Beckman, longtime Condé executive and chairman of the publisher’s Fairchild fashion group, broke the news to Si Newhouse at 9 this morning, a source at the company said.
A successor for his slot has not been named. Beckman’s last day is Friday, a Condé Nast representative said. The news of Beckman’s imminent departure was first reported by the New York Post.
Last month, Nielsen announced it had reached an agreement with e5 Global Media Holdings — a newly formed company by James Finkelstein’s Pluribus Capital Management and Guggenheim Partners — to sell eight brands, including the Hollywood Reporter, Billboard, Adweek, Brandweek, Mediaweek and Backstage magazines, from its troubled Nielsen Business Media portfolio.
Financial terms of the deal were not disclosed, but according to one source, the price was said to be in the $70 million to $75 million range.
Beckman — who earned the nickname "Mad Dog" for his hard-charging management style — is leaving Condé Nast at a critical time.
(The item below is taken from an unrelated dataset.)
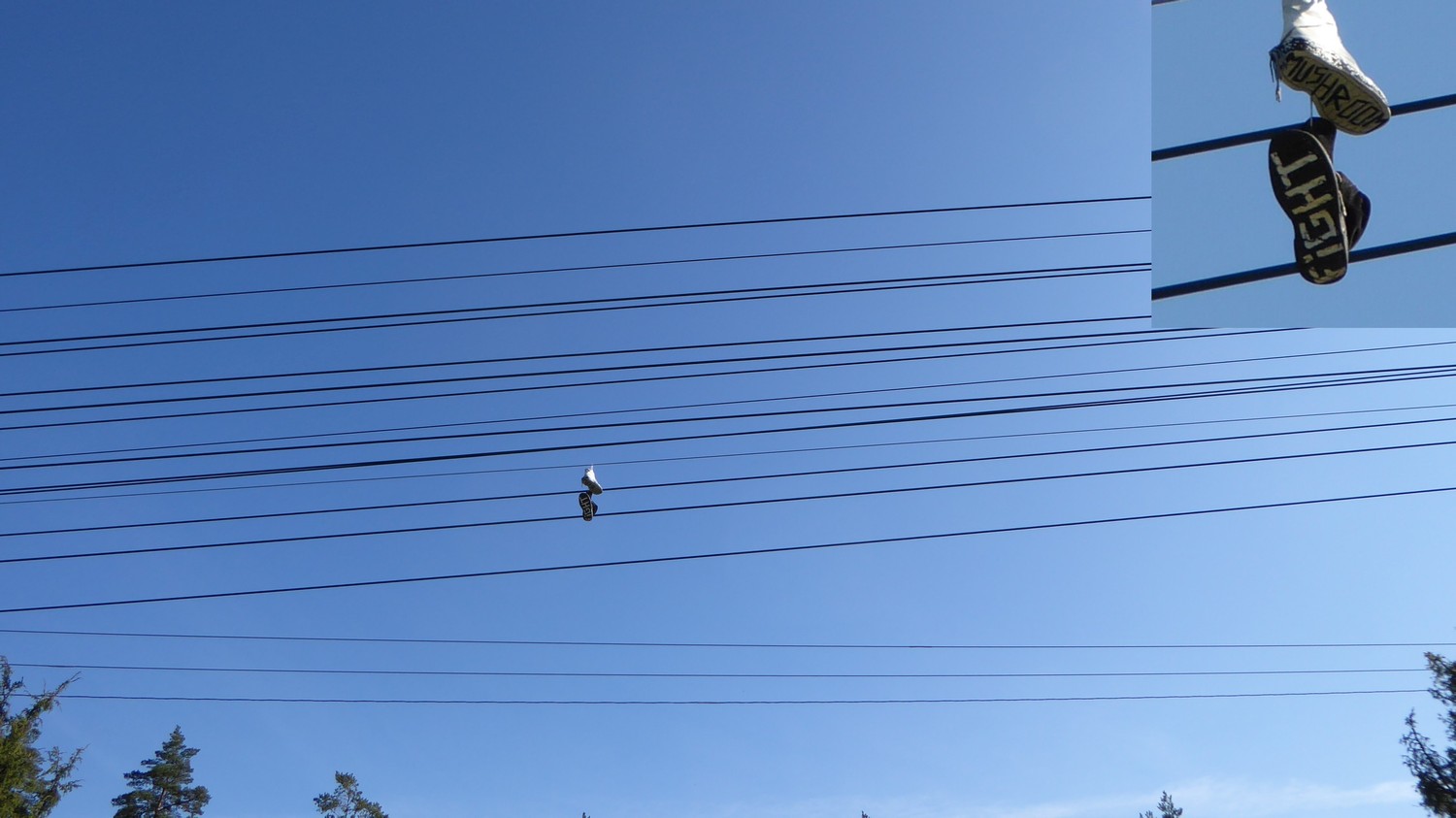 | Årets sista långcykeltur. När jag körde under den här kraftledningen mitt ute i terrängen, så noterade jag att kastat upp ett par skor på ledningarna. (Det hängde åtminstone ett par skor till lite längre bort.) Det blir inte mindre bizarrt när någon skrivit orden Fight och Mushroom på sulorna. | ||||

The mega-publisher had a brutal 2009, losing close to a billion dollars in ad revenue, shuttering some titles and laying off hundreds of employees in a dramatic cost-cutting effort engineered by the high-powered McKinsey consultancy.
Yet there are signs that 2010 could be a better year at 4 Times Square — even as the notoriously stubborn publisher is making concessions on the prices it charges for its ads.
Beckman’s tenure at Condé Nast was 24 years — but it could’ve been a lot shorter.
In 1999, Condé Nast agreed to a seven-figure out-of-court settlement to avoid a lawsuit against Beckman, then a publisher at Vogue.
Beckman "allegedly butted ad director Carol Matthews’ head into another female staffer’s at a sales meeting in an attempt to get the two to kiss — and broke Ms. Matthews’ nose," according to Ad Age.
"The dispute concerning the incident involving Richard Beckman and Carol Matthews has been resolved amicably and the terms of that resolution are confidential by agreement of all parties," Conde Nast said then in a statement to the New York Times. "Nevertheless, Richard Beckman acknowledges some inappropriate behavior on his part and is seeking counseling to address that issue."